BEGIN Data for this task
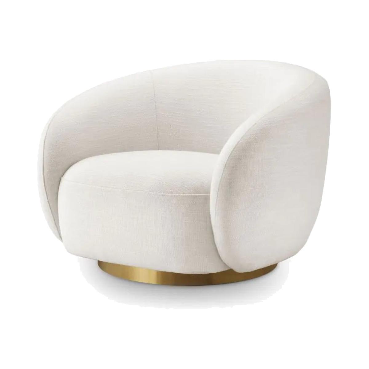 Swivel and relax to your heart’s content in Chair Brice, an ideal addition to your living space. Cosy and contemporary, this elegantly curved swivel chair features a stylish Avalon white upholstery and a brushed brass swivel base. Finish/Colour: White, Off-white
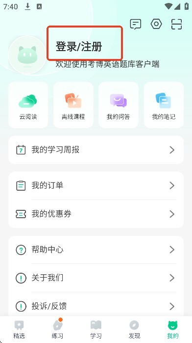 1、在本站安装考博英语题库后,打开软件进入首页,点击右下角的【我的】
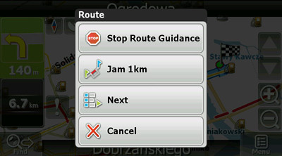 Der Navigationsapp-Nutzer kann nun auf einen Knopfdruck während der Fahrt eine Route oder einen Kreisverkehr für die Weiterfahrt sperren. Dies ist mit dem neuen Button Jam 1km möglich.
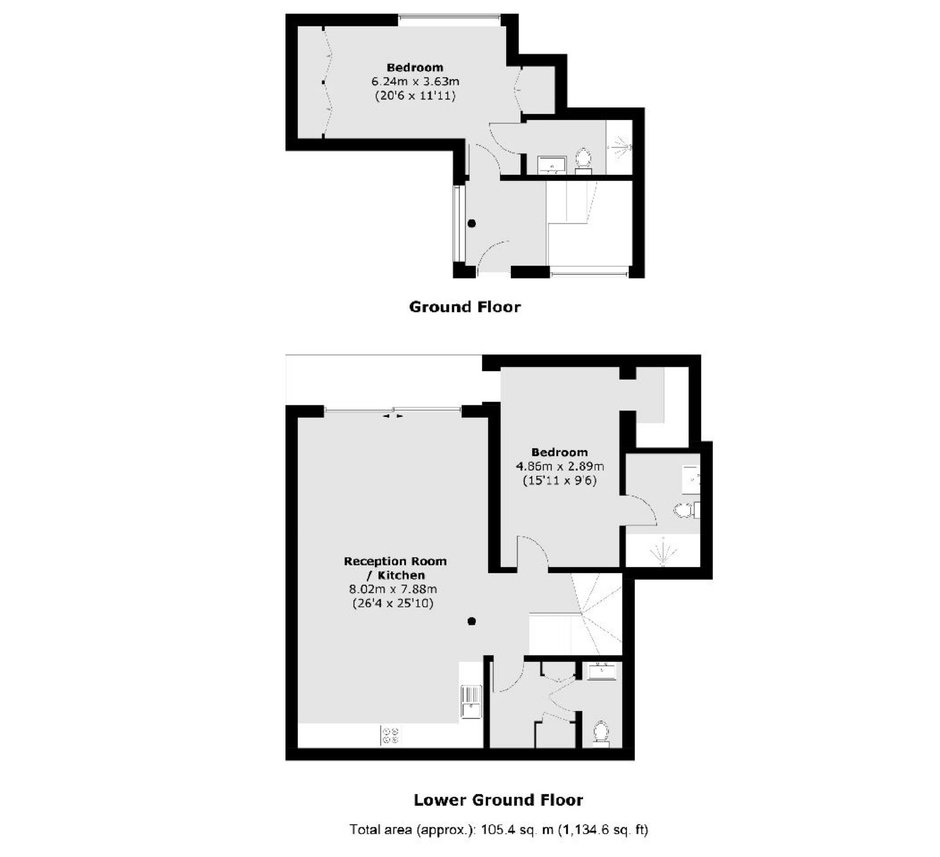 Pink Mews combines Victorian architecture and elegant contemporary interiors. Benefitting from its own private entrance, this duplex apartment offers open plan living with stunning double height ceilings, fully equipped kitchen with Miele appliances and luxury bedroom suites. The Principle bedroom is located on the ground level with built in storage and en-suite bathroom. A further bedroom, bathroom and outside space are located on the lower ground level. The development is situated beyond private gates with daytime concierge.
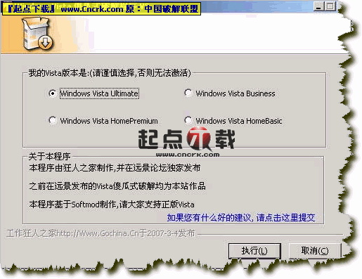 基于Softmod的Windows Vista傻瓜工具,在Vista下即右鍵點(diǎn)擊此程序,選擇“在管理員模式下運(yùn)行”,按提示選擇正確的版本后,點(diǎn)“執(zhí)行”自動(dòng)導(dǎo)入授權(quán)證書(shū),自動(dòng)更換序列號(hào),自動(dòng)安裝SoftMod補(bǔ)丁,重啟后即可進(jìn)行激活.
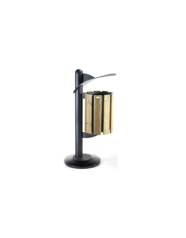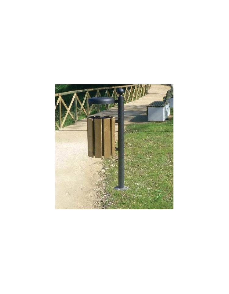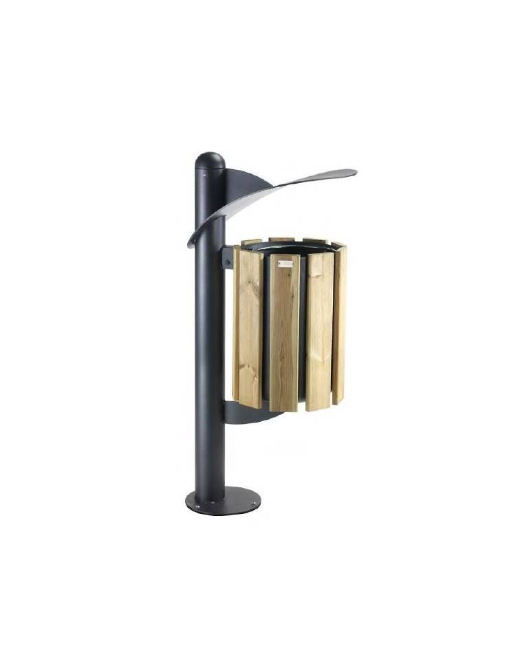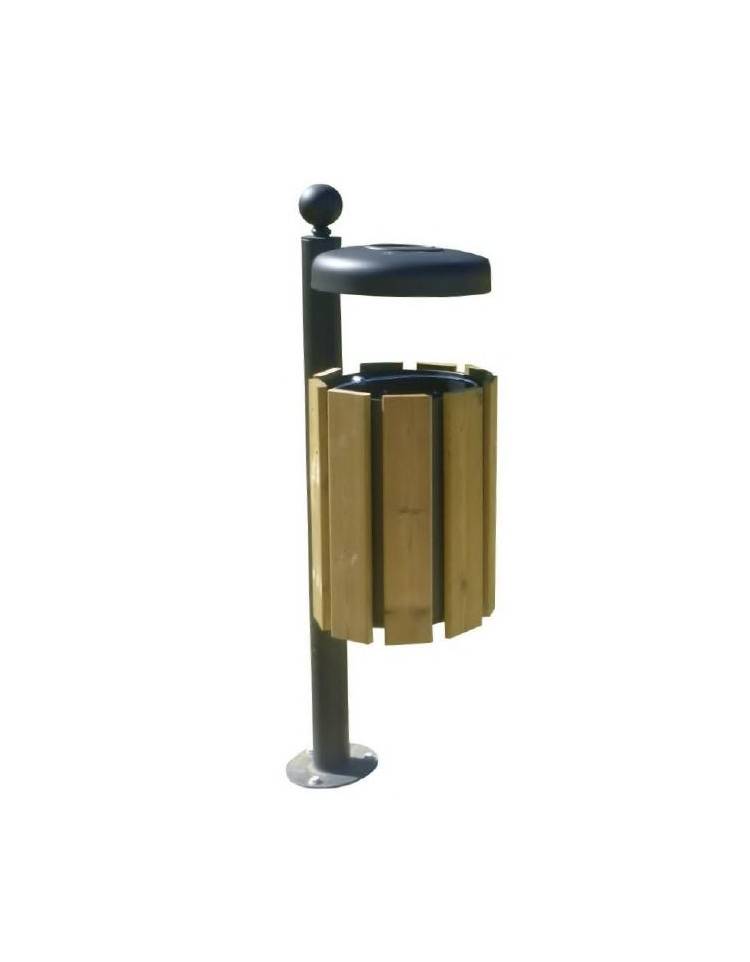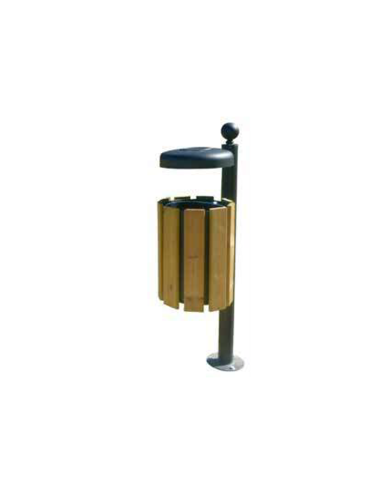 Contenitore a forma cilindrica ottenuto dalla calandratura a freddo di lamiera prezincata spessore 10/10, chiuso tramite elettrosaldatura. La parte superiore viene ribordata verso l’interno mentre la parte inferiore viene chiusa con un fondello bombato e forato al centro per facilitare lo scolo di acqua meteorica o di periodica pulizia. Rivestito di doghe (dim.90x20 L.475) in legno di pino trattato con preservante in autoclave. Viene fornito completo di anello reggi-sacco in acciaio. Il contenitore viene fi ssato alla colonna in tubolare di acciaio Ø102mm mediante due agganci, quello superiore con serratura di tipo universale e quello inferiore con vite e dado. Sbloccando la serratura il contenitore è libero di ruotare per le operazioni di svuotamento e pulitura. La colonna è chiusa superiormente da una calotta semisferica in lamiera ricavata da tornitura di lastra piana, mentre la base è dotata di fl angia Ø240 sp.5 mm predisposta di fori per il fi ssaggio al suolo tramite tasselli ad espansione. Il cestino è fornito di coperchio direttamente saldato alla colonna, costituito da lamiera di acciaio sp.4mm tagliata al laser e adeguatamente bombata. Tutte le parti metalliche sono zincate e verniciate a polveri poliestere termoindurenti secondo le diverse tonalità Ral. Tutta la viteria fornita è in acciaio inox.
END Data for this task
Directions: Restate the records in full and word for word, but keep the pictures out.

Task answer:
 Swivel and relax to your heart’s content in Chair Brice, an ideal addition to your living space. Cosy and contemporary, this elegantly curved swivel chair features a stylish Avalon white upholstery and a brushed brass swivel base. Finish/Colour: White, Off-white
 1、在本站安装考博英语题库后,打开软件进入首页,点击右下角的【我的】
 Der Navigationsapp-Nutzer kann nun auf einen Knopfdruck während der Fahrt eine Route oder einen Kreisverkehr für die Weiterfahrt sperren. Dies ist mit dem neuen Button Jam 1km möglich.
 Pink Mews combines Victorian architecture and elegant contemporary interiors. Benefitting from its own private entrance, this duplex apartment offers open plan living with stunning double height ceilings, fully equipped kitchen with Miele appliances and luxury bedroom suites. The Principle bedroom is located on the ground level with built in storage and en-suite bathroom. A further bedroom, bathroom and outside space are located on the lower ground level. The development is situated beyond private gates with daytime concierge.
 基于Softmod的Windows Vista傻瓜工具,在Vista下即右鍵點(diǎn)擊此程序,選擇“在管理員模式下運(yùn)行”,按提示選擇正確的版本后,點(diǎn)“執(zhí)行”自動(dòng)導(dǎo)入授權(quán)證書(shū),自動(dòng)更換序列號(hào),自動(dòng)安裝SoftMod補(bǔ)丁,重啟后即可進(jìn)行激活.
 Contenitore a forma cilindrica ottenuto dalla calandratura a freddo di lamiera prezincata spessore 10/10, chiuso tramite elettrosaldatura. La parte superiore viene ribordata verso l’interno mentre la parte inferiore viene chiusa con un fondello bombato e forato al centro per facilitare lo scolo di acqua meteorica o di periodica pulizia. Rivestito di doghe (dim.90x20 L.475) in legno di pino trattato con preservante in autoclave. Viene fornito completo di anello reggi-sacco in acciaio. Il contenitore viene fi ssato alla colonna in tubolare di acciaio Ø102mm mediante due agganci, quello superiore con serratura di tipo universale e quello inferiore con vite e dado. Sbloccando la serratura il contenitore è libero di ruotare per le operazioni di svuotamento e pulitura. La colonna è chiusa superiormente da una calotta semisferica in lamiera ricavata da tornitura di lastra piana, mentre la base è dotata di fl angia Ø240 sp.5 mm predisposta di fori per il fi ssaggio al suolo tramite tasselli ad espansione. Il cestino è fornito di coperchio direttamente saldato alla colonna, costituito da lamiera di acciaio sp.4mm tagliata al laser e adeguatamente bombata. Tutte le parti metalliche sono zincate e verniciate a polveri poliestere termoindurenti secondo le diverse tonalità Ral. Tutta la viteria fornita è in acciaio inox.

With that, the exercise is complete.